When Fatigue Warrants Medical Evaluation

Seek medical evaluation if your fatigue is severe and debilitating (unable to complete normal daily activities), persists for more than 4-6 weeks despite adequate nutrition and rest, is accompanied by other symptoms like pale skin, shortness of breath, or chest pain (which could indicate anemia or heart issues), worsens suddenly rather than gradually, or is accompanied by significant weight loss beyond what is expected from the medication.

Side Effects by Medication: Semaglutide vs Tirzepatide vs Liraglutide

While all GLP-1 receptor agonists share a similar core side effect profile, there are meaningful differences between specific medications that can influence treatment selection and management approaches.

Semaglutide (Ozempic, Wegovy, Rybelsus)

Semaglutide is the most widely prescribed GLP-1 medication for weight loss. It is available as a weekly subcutaneous injection (Ozempic for diabetes, Wegovy for weight management) and as a daily oral tablet (Rybelsus for diabetes).
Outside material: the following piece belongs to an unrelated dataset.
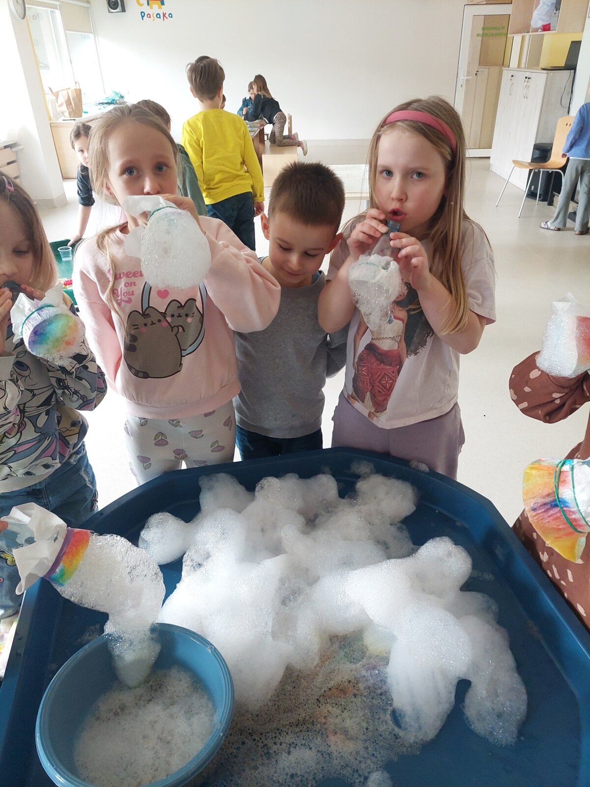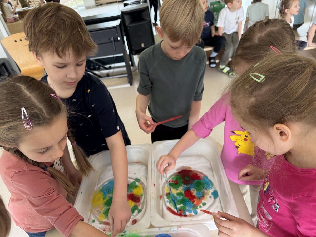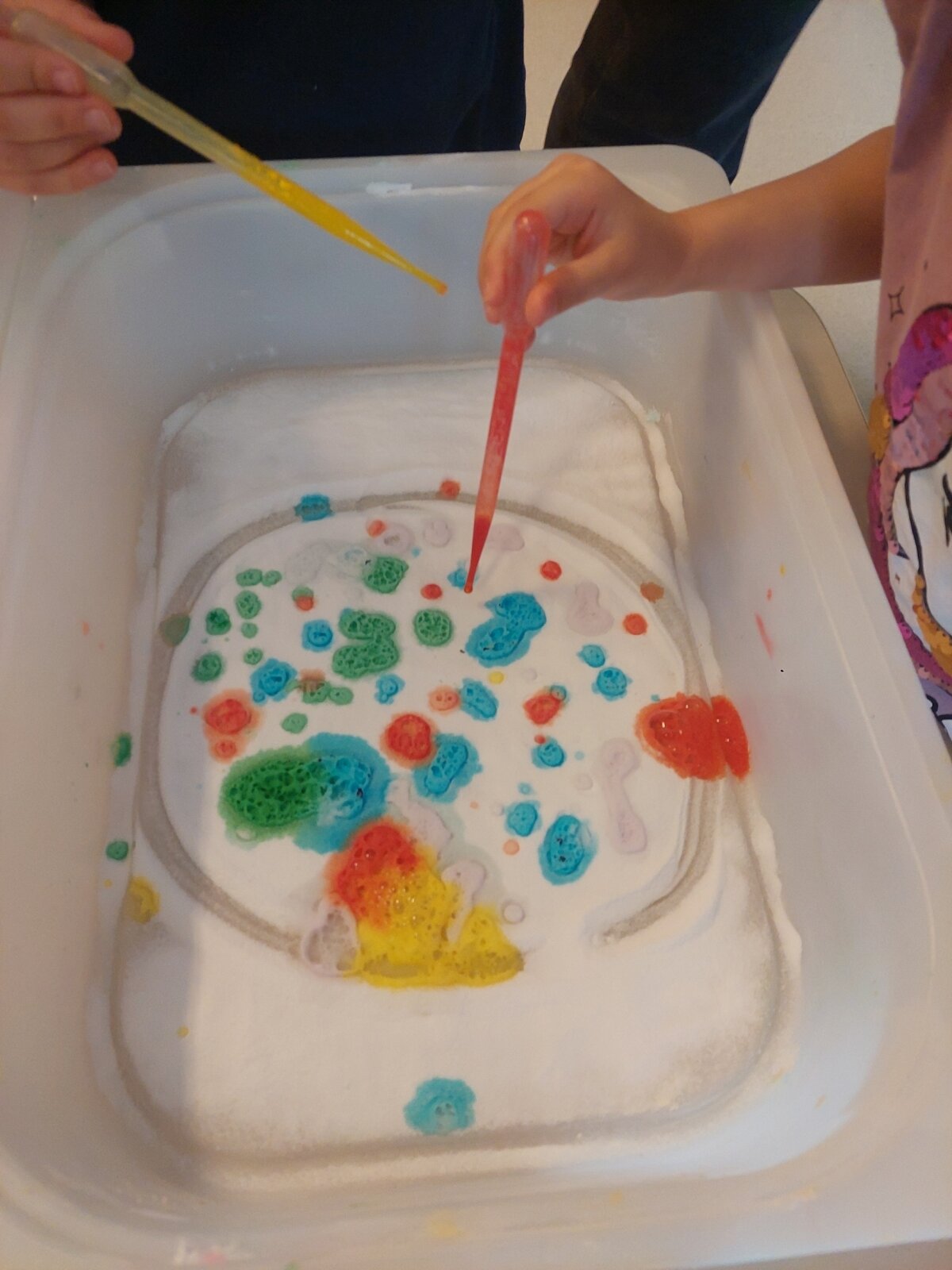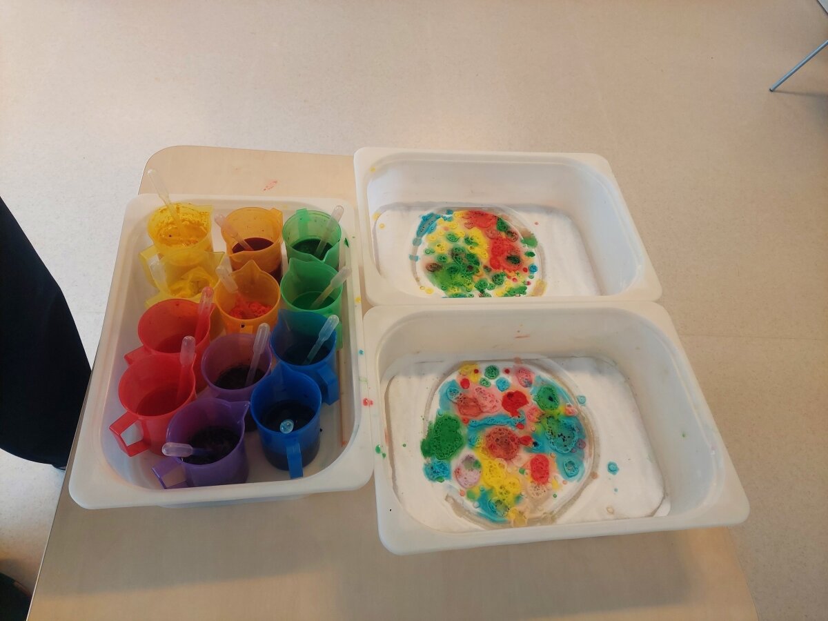 Edukacinės veiklos metu buvo parengtos aštuonios skirtingos erdvės, skirtos įvairiems eksperimentams ir tyrinėjimams. Pirmojoje erdvėje vaikai turėjo galimybę išbandyti piešimą naudojant sodą ir actą. Ši veikla sukėlė didelį susidomėjimą ir paliko stiprų emocinį įspūdį dėl netikėto ir vizualiai patrauklaus cheminės reakcijos rezultato.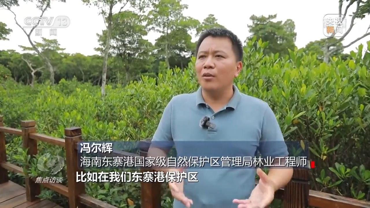 海南??谑辛謽I(yè)局局長、林業(yè)高級工程師 錢軍:在東寨港區(qū)域,我們修復(fù)了4783畝的紅樹林。通過對一系列生態(tài)修復(fù),保護好紅樹林,也讓子孫后代享受保護紅樹林帶來的紅利。

Key side effect characteristics:

• Highest nausea rates among injectable GLP-1s (44% in STEP 1)
• Higher vomiting rates compared to tirzepatide (24% vs 13%)
• Constipation more common than with tirzepatide (24% vs 12%)
• Oral form (Rybelsus) has somewhat different GI profile with more nausea but less injection site concern
• Cardiovascular benefit demonstrated in SELECT trial

Semaglutide's higher rate of nausea and vomiting may be partly due to its slightly different receptor binding profile and pharmacokinetics. However, individual variation is large, and many patients tolerate semaglutide well while experiencing problems with other GLP-1 medications, and vice versa.

Tirzepatide (Mounjaro, Zepbound)

Tirzepatide is unique in that it activates both the GLP-1 receptor and the GIP (glucose-dependent insulinotropic polypeptide) receptor. This dual action produces greater weight loss than semaglutide alone but may also produce a somewhat different side effect profile.
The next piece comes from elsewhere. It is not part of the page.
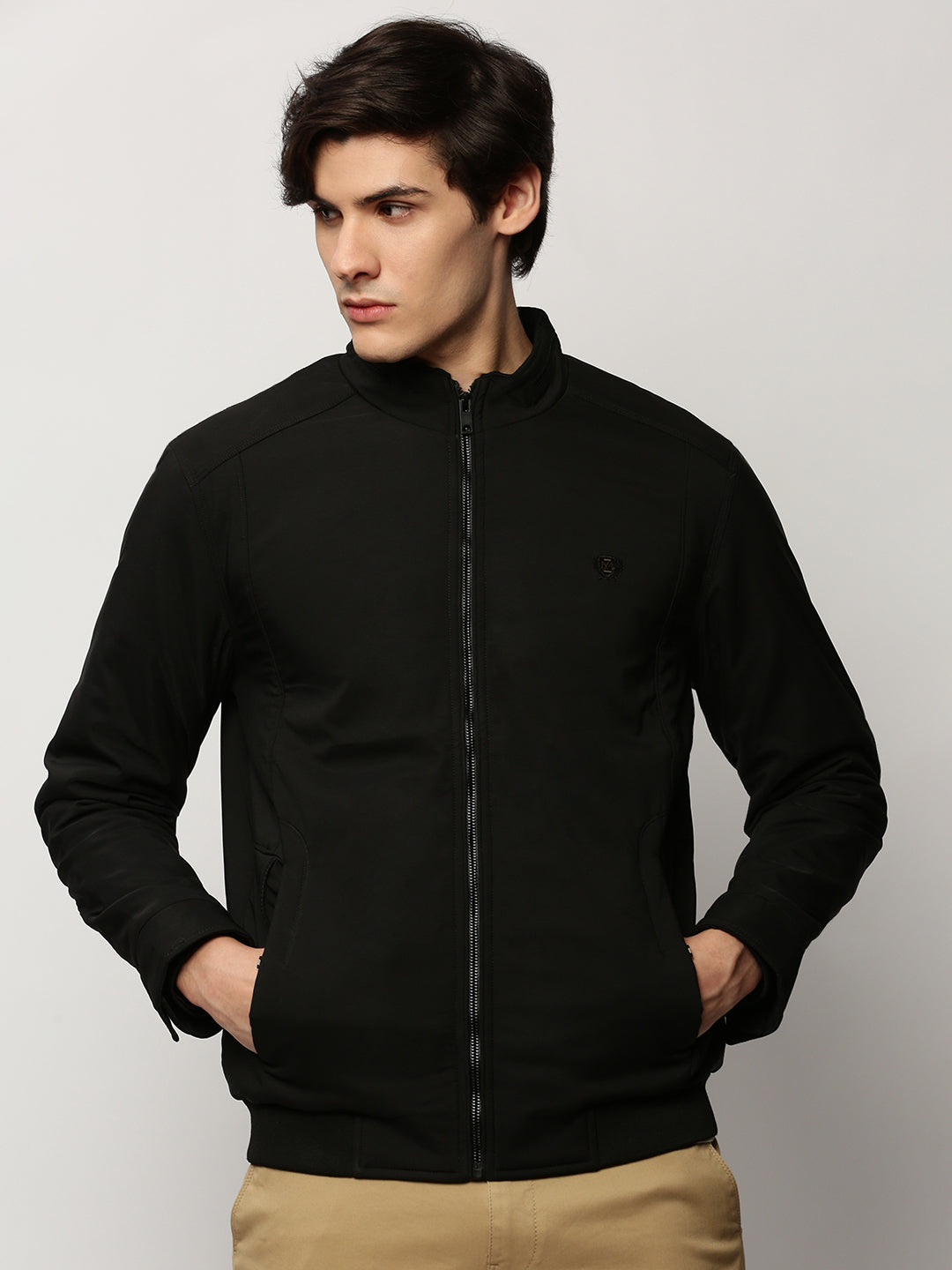 To maintain the quality of your Men Black Solid Casual Bomber Jackets, machine wash cold with like colors. Avoid bleach and tumble dry low. For best results, hang to dry and iron on low if needed to keep it looking sharp.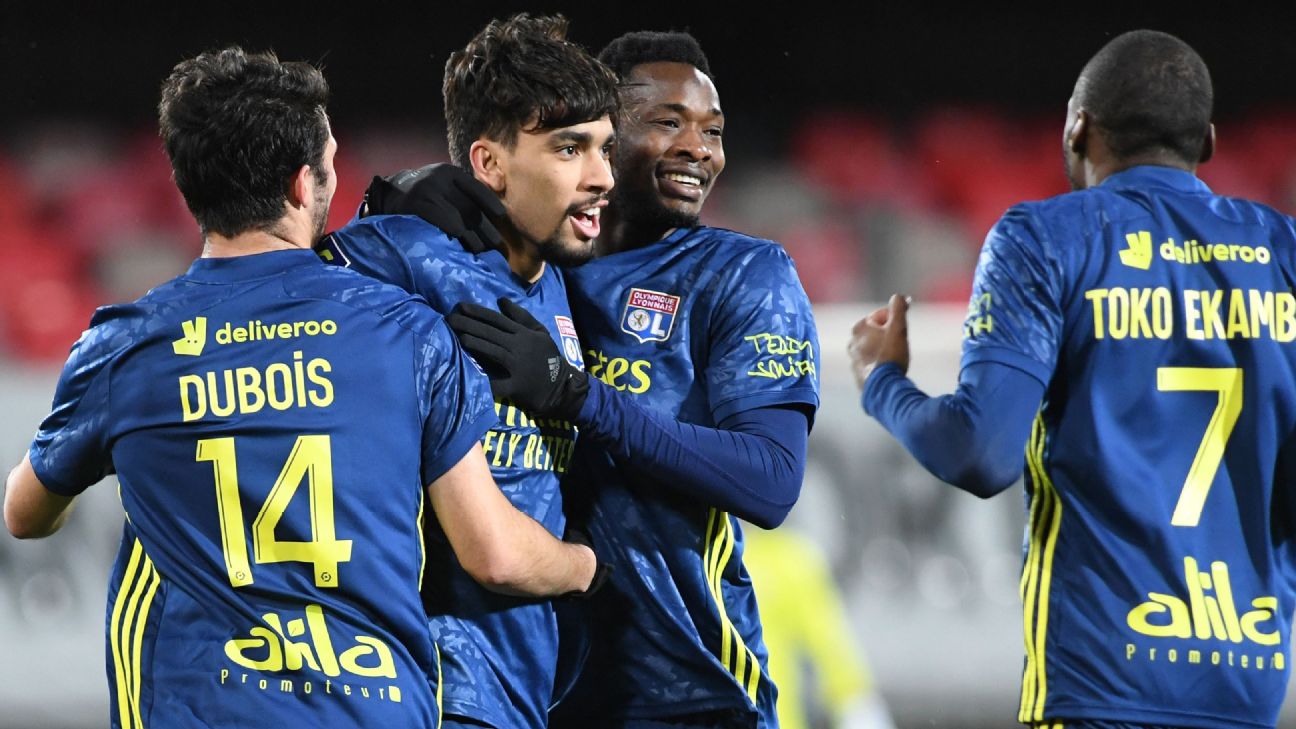 · French Ligue 1Lyon go top in Ligue 1 with 3-2 win at Brest

Key side effect characteristics:

• Somewhat lower nausea and vomiting rates than semaglutide at equivalent weight loss levels
• Higher diarrhea rates at higher doses (23% at 15mg)
• Higher injection site reaction rates (7% vs 4% for semaglutide)
• Slightly higher hair loss rates (5.2% at 15mg in SURMOUNT-1)
• Greater weight loss per level of GI side effects (better "efficacy-tolerability ratio")

The dual GIP/GLP-1 mechanism of tirzepatide may explain some of these differences. GIP receptor activation has different effects on gut motility than GLP-1 receptor activation alone, potentially producing a somewhat different GI side effect pattern. Some providers consider tirzepatide as a first-line option for patients who are particularly concerned about nausea.
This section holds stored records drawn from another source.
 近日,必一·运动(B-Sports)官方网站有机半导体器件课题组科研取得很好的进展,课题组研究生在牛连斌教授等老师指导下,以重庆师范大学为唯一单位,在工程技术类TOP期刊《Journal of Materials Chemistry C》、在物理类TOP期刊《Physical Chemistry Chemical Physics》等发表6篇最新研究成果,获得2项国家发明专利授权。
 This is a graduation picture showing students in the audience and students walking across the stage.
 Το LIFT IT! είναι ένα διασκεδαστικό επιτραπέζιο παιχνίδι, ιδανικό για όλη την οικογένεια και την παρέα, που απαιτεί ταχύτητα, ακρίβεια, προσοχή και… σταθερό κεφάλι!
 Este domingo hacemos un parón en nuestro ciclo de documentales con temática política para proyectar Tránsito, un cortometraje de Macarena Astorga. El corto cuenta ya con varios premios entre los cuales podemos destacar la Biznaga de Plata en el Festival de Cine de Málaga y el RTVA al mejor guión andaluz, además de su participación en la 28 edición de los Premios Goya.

Liraglutide (Saxenda, Victoza)

Liraglutide was the first GLP-1 receptor agonist approved specifically for weight management (as Saxenda). It is a daily injection, which means more frequent dosing but also more flexibility in dose timing.

Key side effect characteristics:

• Lower peak side effect severity because daily dosing produces more stable drug levels
• Higher overall discontinuation rate (10% vs 7% for semaglutide) despite lower per-episode severity
• More injection site reactions due to daily injections (more total injections means more opportunities for reactions)
• Longest safety track record (over 15 years of data)
• Less weight loss efficacy, which may mean less aggressive side effects for some patients

Liraglutide is sometimes preferred for patients who want a more gradual approach, those who want the longest safety track record, or those who experience severe side effects with weekly injectables and prefer the smaller, more frequent doses of a daily medication.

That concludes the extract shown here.